When the reading is completed, the physical chunk management
program 106 transmits the data to the logical chunk management
program 105 (Step S86).
[0161] The logical chunk management program 105 returns the read
data to the volume management program 102 (Step S87), and the
volume management program 102 returns the read data to the computer
node 1 (Step S88).
[0162] With the above-mentioned processing, the computer node 1-2
can acquire data from the local storage device 23 of the storage
node 2-2, to thereby be able to promote an increase in processing
speed.
[0163] <Read Processing at Failure Occurrence>
[0164] FIG. 20 is a diagram for illustrating an example of the read
processing at a failure occurrence, which is performed by the
storage node 2-2 when a failure occurs. When receiving a read
request for data from the computer node 1-2, the storage node 2-2
requests the data from the logical chunk 52-2 of the designated
volume (Step S93).
[0165] The storage node 2-2 reads the data from the physical chunk
53-2 allocated to the logical chunk 52-2 (Step S94). However, due
to the occurrence of a failure in the physical chunk 53-2, an error
or a timeout occurs (Step S96).
[0166] The storage node 2-2 refers to the chunk management table 38
to acquire an identifier other than the identifier of the logical
chunk 52-2 as the identifier of the logical chunk that forms the
copy pair from the entry including the identifier of the logical
chunk 52-2 in the L chunk set 383.
[0167] The storage node 2-2 refers to the logical chunk management
table 39 to acquire the nodeId 392 from the entry of the identifier
of the copy pair, to thereby identify the storage node 2-1 storing
the data that forms the copy pair.
[0168] The storage node 2-2 requests the data of the identifier of
the logical chunk (52-1) that forms the copy pair from the storage
node 2-1 storing the data that forms the copy pair (Step S100). The
storage node 2-1 reads the data from the physical chunk 53-1
allocated to the logical chunk 52-1 (Step S101).

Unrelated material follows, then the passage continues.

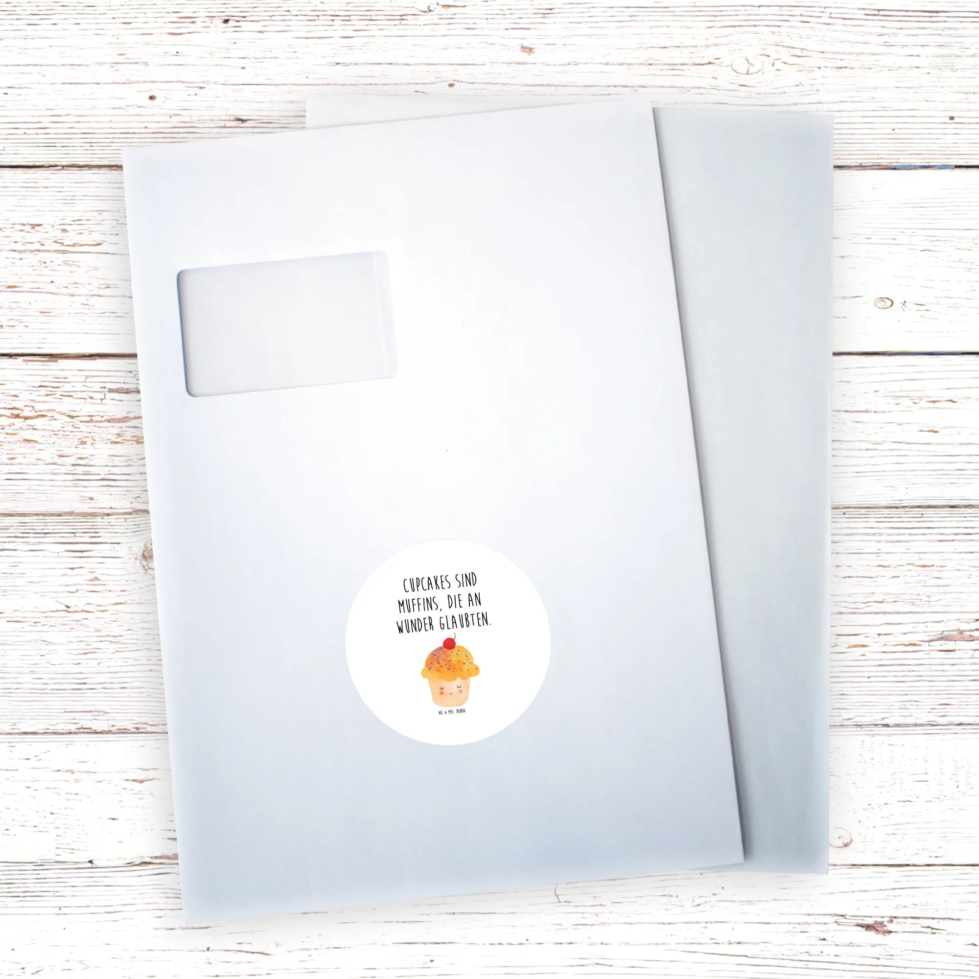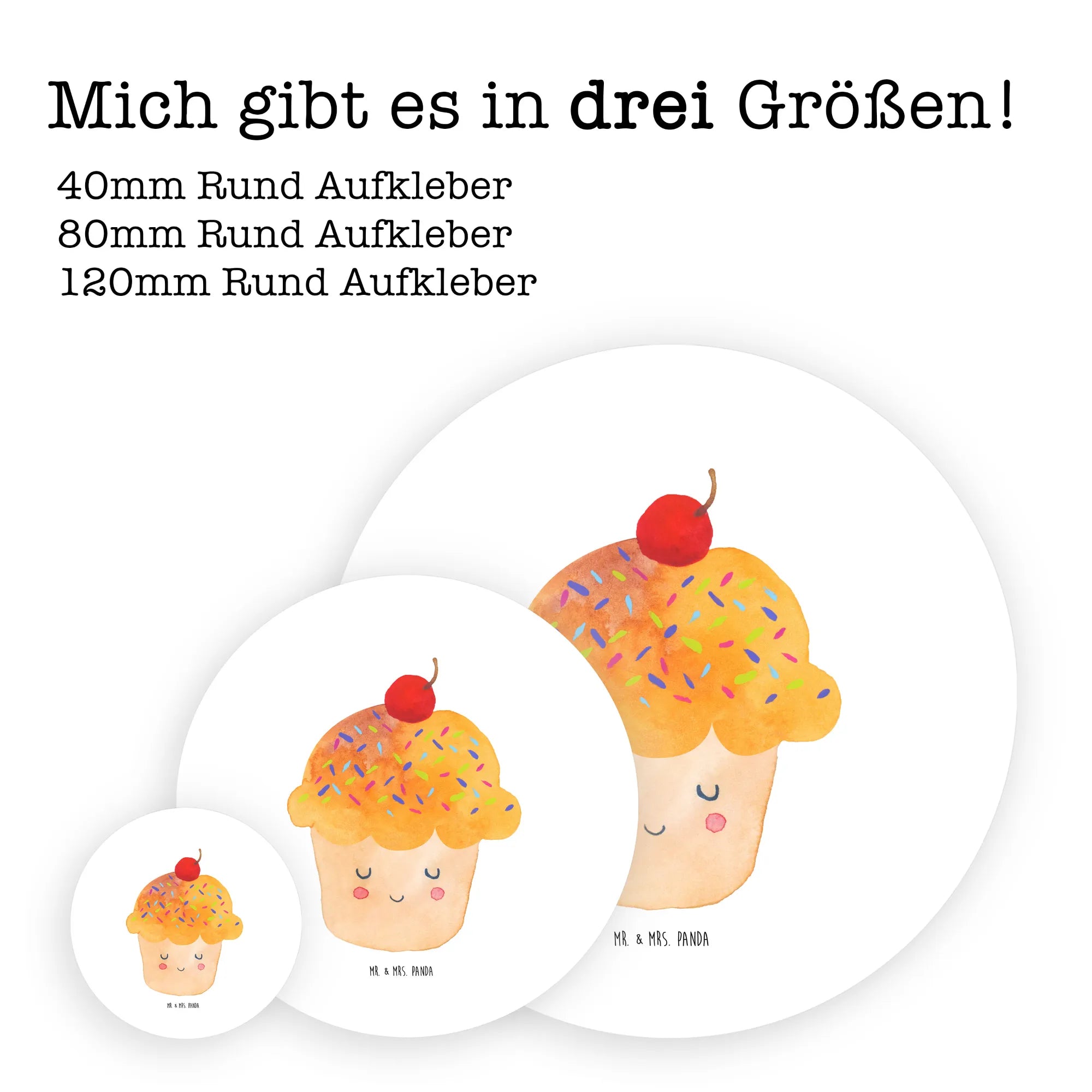 80mm okrągła naklejka Babeczka - 80mm Rund Aufkleber - z napisem - biały

[0169] For example, in the chunk management table 38 of FIG. 21, a
failure has occurred in the logical chunk of the identifier "L2"
included in the L chunk set 383, and hence the storage node 2-2
acquires the identifier "L1" of the logical chunk. The storage node
2-2 acquires the nodeId 392 "0x493029af" from the entry of
"0x45678901" corresponding to "L1" in the logical chunk management
table 39 shown in FIG. 22, and requests data in the logical chunk
of the identifier "L1" from the storage node 2-1 of the acquired
identifier.
[0170] The storage node 2-1 transmits the data that forms the copy
pair read from the physical chunk 53-1 to the storage node 2-2
(Step S102). The storage node 2-2 returns the data that forms the
copy pair received from the storage node 2-1 to the computer node
1-2.
[0171] With the above-mentioned processing, when a failure occurs
in, for example, the storage device 23, the storage node 2 acquires
the identifier of the logical chunk of another storage node 2 from
the L chunk set 383 of the chunk management table 38, and reads
data that forms a copy pair. This allows the storage node 2 to
achieve normal read processing even when a failure occurs.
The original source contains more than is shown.